Dataset entries Block Start
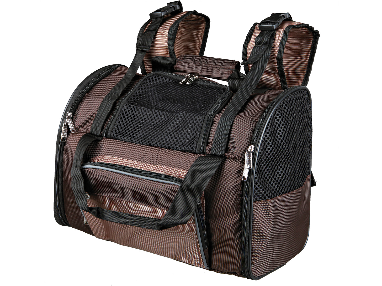 Yderst praktisk rygsæk og transporttaske i nylon af høj kvalitet. Tasken åbnes både foran og i toppen og de integrerede netindsatser sørger yderligere for en god lufttilførsel. Har to separate tasker foran og praktisk lomme til mobiltelefon.
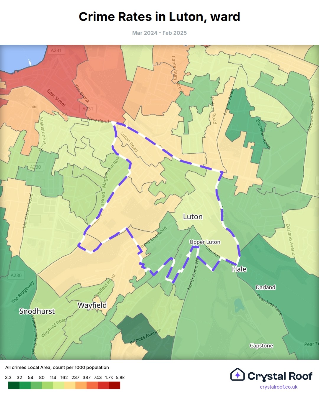 Luton, (ward) includes areas with the following crime ratings (see map):
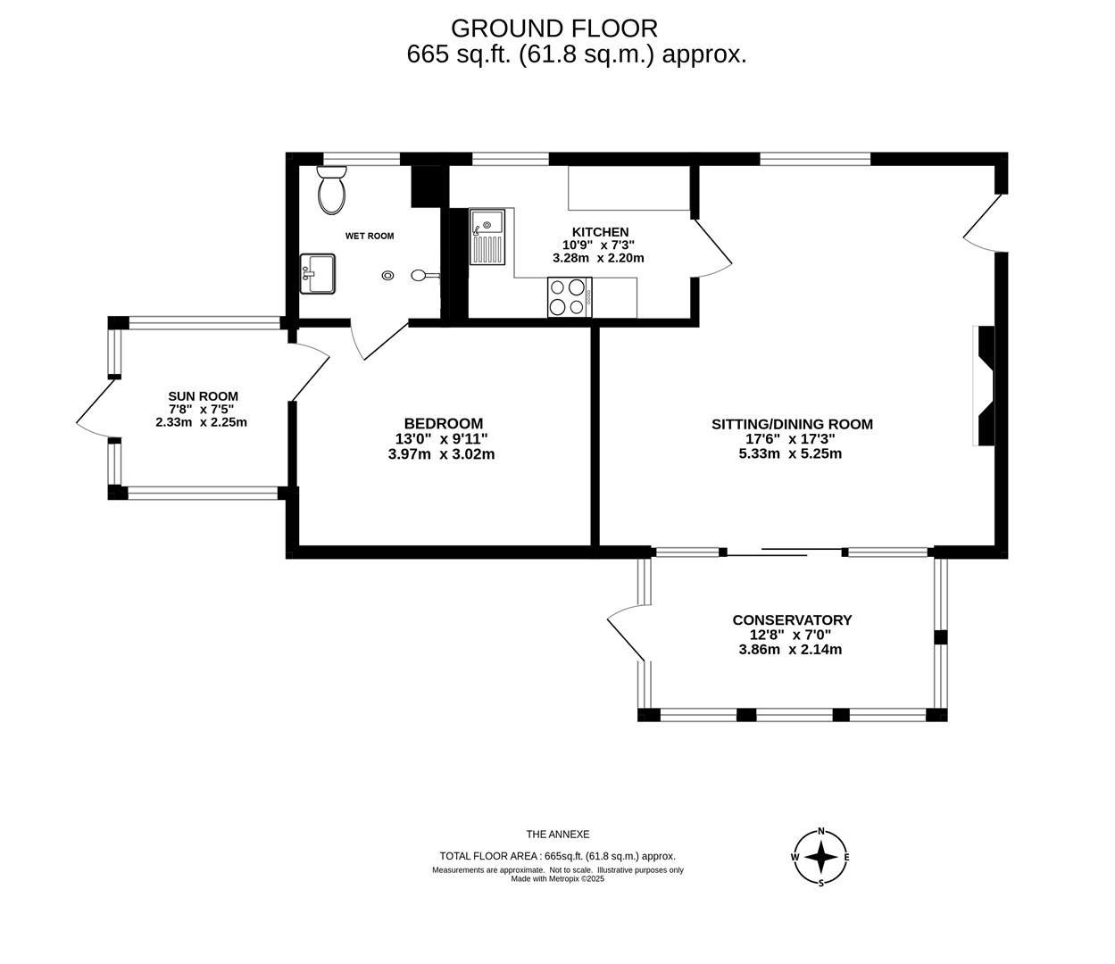 The Annexe - The well-presented single storey annexe provides further accommodation and has residential use with the potential to be used as a holiday let. The accommodation benefits from uPVC double glazing and electric heating and briefly comprises: Sitting / Dining Room; a triple aspect room with glazed door to the side, window to the rear and sliding doors opening to the conservatory. Kitchen; fitted wall and base units, Beech effect worksurface, stainless steel sink and drainer, Whirlpool electric oven and hob, extractor hood above, space and plumbing for washing machine and tumble dryer, window to the rear. Bedroom; a double room, window the front enjoying views over the land and garden. Wet Room; shower, w/c, vanity unit, wash basin, fully tiled floor and walls, window to the rear. Porch / Sun Room; triple aspect enjoying views over garden and land.
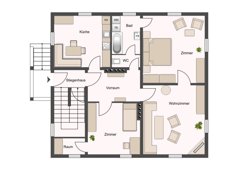 Drei separat nutzbare Bereiche eröffnen Ihnen flexible Gestaltungsmöglichkeiten – sei es für Mehrgenerationenwohnen, für Freunde, die oft zu Besuch sind, oder als lukrative Vermietung.
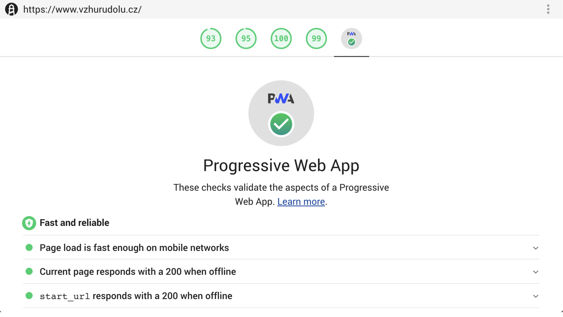 To je vše. V tuhle chvíli jsme z obyčejného webu vytvořili progresivní webovou aplikaci, splňující požadavky Lighthouse. Jednoduchou, ale naši PWA.
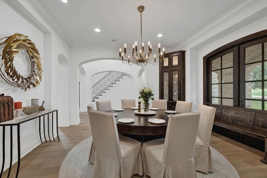 Experience unparalleled luxury at Watershaus Ranch, a private retreat just 15 minutes from the historic charm of downtown Fredericksburg. From the moment you pass through the gates, you'll be captivated by the elegance and warmth of this stunning home. Step inside to soaring ceilings and a spacious, open floor plan that radiates sophistication. The heart of the home is the chef’s dream kitchen, bathed in natural light that highlights the gorgeous stone wall framing the gas range, three ovens, and stainless steel side-by-side refrigerator with a bottom freezer drawer. With a chic coffee bar, cozy breakfast nook, and ample counter space, this kitchen is the perfect setting to create gourmet meals or casual snacks.
Dataset entries Block End
## What to work on
Please transcribe exactly the part of the records that opens with the line containing "Luton, (ward) includes" and closes with the line containing "To je vše. V", both ends included, and leave out the pictures.

## Solution
 Luton, (ward) includes areas with the following crime ratings (see map):
 The Annexe - The well-presented single storey annexe provides further accommodation and has residential use with the potential to be used as a holiday let. The accommodation benefits from uPVC double glazing and electric heating and briefly comprises: Sitting / Dining Room; a triple aspect room with glazed door to the side, window to the rear and sliding doors opening to the conservatory. Kitchen; fitted wall and base units, Beech effect worksurface, stainless steel sink and drainer, Whirlpool electric oven and hob, extractor hood above, space and plumbing for washing machine and tumble dryer, window to the rear. Bedroom; a double room, window the front enjoying views over the land and garden. Wet Room; shower, w/c, vanity unit, wash basin, fully tiled floor and walls, window to the rear. Porch / Sun Room; triple aspect enjoying views over garden and land.
 Drei separat nutzbare Bereiche eröffnen Ihnen flexible Gestaltungsmöglichkeiten – sei es für Mehrgenerationenwohnen, für Freunde, die oft zu Besuch sind, oder als lukrative Vermietung.
 To je vše. V tuhle chvíli jsme z obyčejného webu vytvořili progresivní webovou aplikaci, splňující požadavky Lighthouse. Jednoduchou, ale naši PWA.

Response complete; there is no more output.